Lalu alasan ketiga, pemberhentian tenga kontrak RSUD Dr. Soekardjo juga diperkuat oleh hasil Analisis Jabatan (Anjab) dan Analisis Beban Kerja (ABK). Bahkan ada alasan selanjutnya yang beredar di berbagai media, yakni karena hasil penilaian psikometri dan penilaian langsung dari atasan.

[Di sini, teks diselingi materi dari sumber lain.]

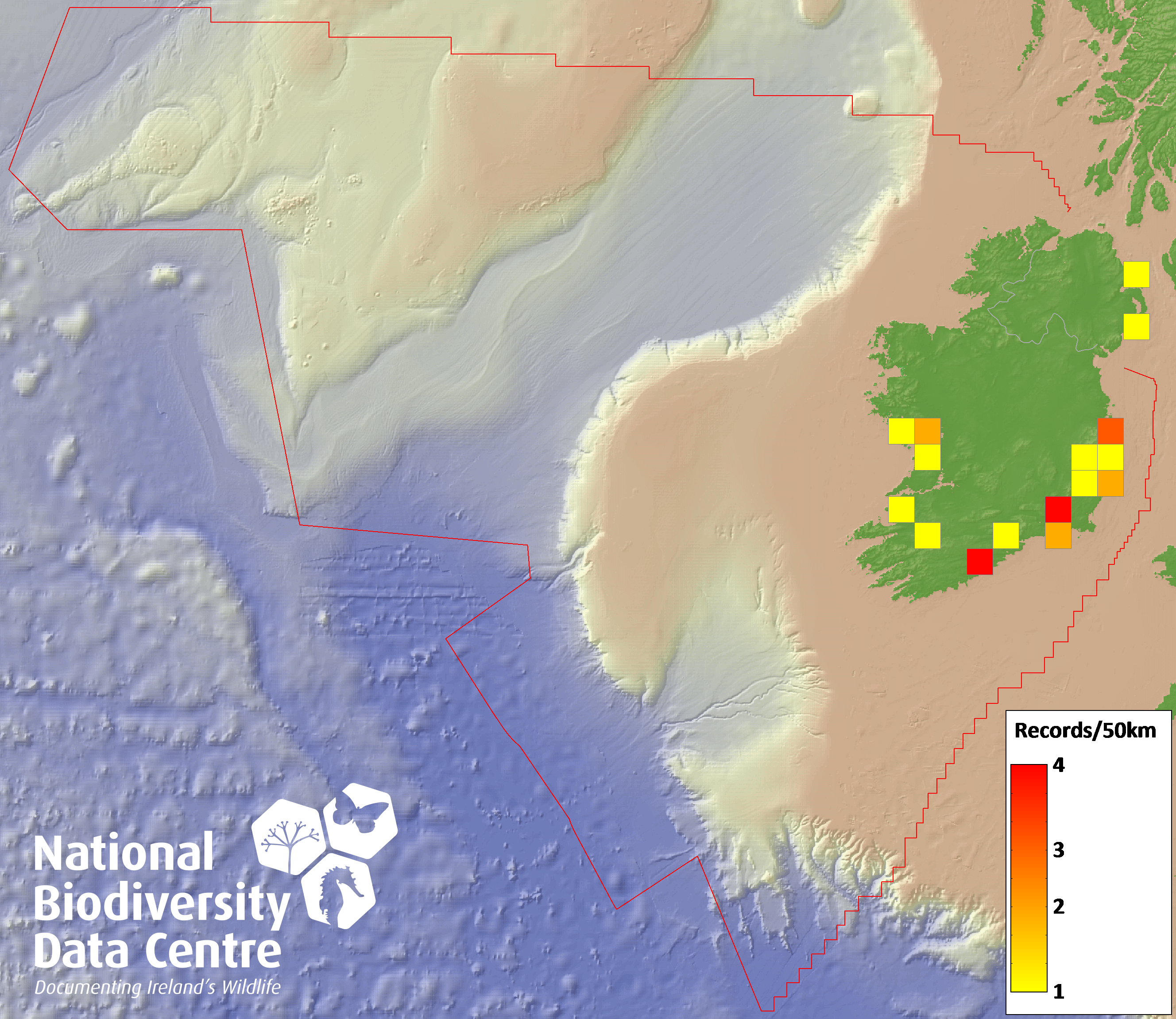 Distribution of the number of records recorded within each 10km grid square (ITM).Marine Map - 50km

Menyikapi informasi tentang tenaga kontrak RSUD Dr Soekardjo yang overload, aktivis dari Albadar Institute, Diki Sam Ani, turut angkat bicara. Menurutnya, masalah tenaga kontrak RSUD Dr. Soekardjo ini jangan dilihat terlalu dangkal. Selain berkaitan dengan nasib puluhan keluarga, yang lebih penting adalah berkaitan dengan integritas para pejabat di lingkungan Pemkot Tasikmalaya.

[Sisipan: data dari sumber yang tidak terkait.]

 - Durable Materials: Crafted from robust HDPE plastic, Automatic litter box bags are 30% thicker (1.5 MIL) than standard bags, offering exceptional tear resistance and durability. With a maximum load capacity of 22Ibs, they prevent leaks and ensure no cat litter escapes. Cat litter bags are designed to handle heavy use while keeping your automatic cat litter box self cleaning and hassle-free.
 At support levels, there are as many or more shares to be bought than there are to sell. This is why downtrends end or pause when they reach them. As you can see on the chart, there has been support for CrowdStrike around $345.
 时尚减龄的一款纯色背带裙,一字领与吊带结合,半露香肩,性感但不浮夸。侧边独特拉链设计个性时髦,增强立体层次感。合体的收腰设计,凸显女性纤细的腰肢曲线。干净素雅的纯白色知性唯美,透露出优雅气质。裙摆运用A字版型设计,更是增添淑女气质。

“Begini logika dan realitasnya. Angka 1200-an pegawai RSUD Dr. Soekardjo itu tentatif. Bisa disebut kurang, bisa juga disebut overload. Karena masalah sebenarnya bukan pada angka, tapi pada kesesuaian kebutuhan tenaga kerja dengan beban kerja yang ada di RSUD. Kalau bicara profesi dokter, saya kira mungkin jumlahnya masih kurang. Tapi kalau bicara lulusan SMA/sederajat yang masih numpuk di RSUD, pasti ujung-ujungnya dianggap overload, dan mereka jadi korban,” papar Diki.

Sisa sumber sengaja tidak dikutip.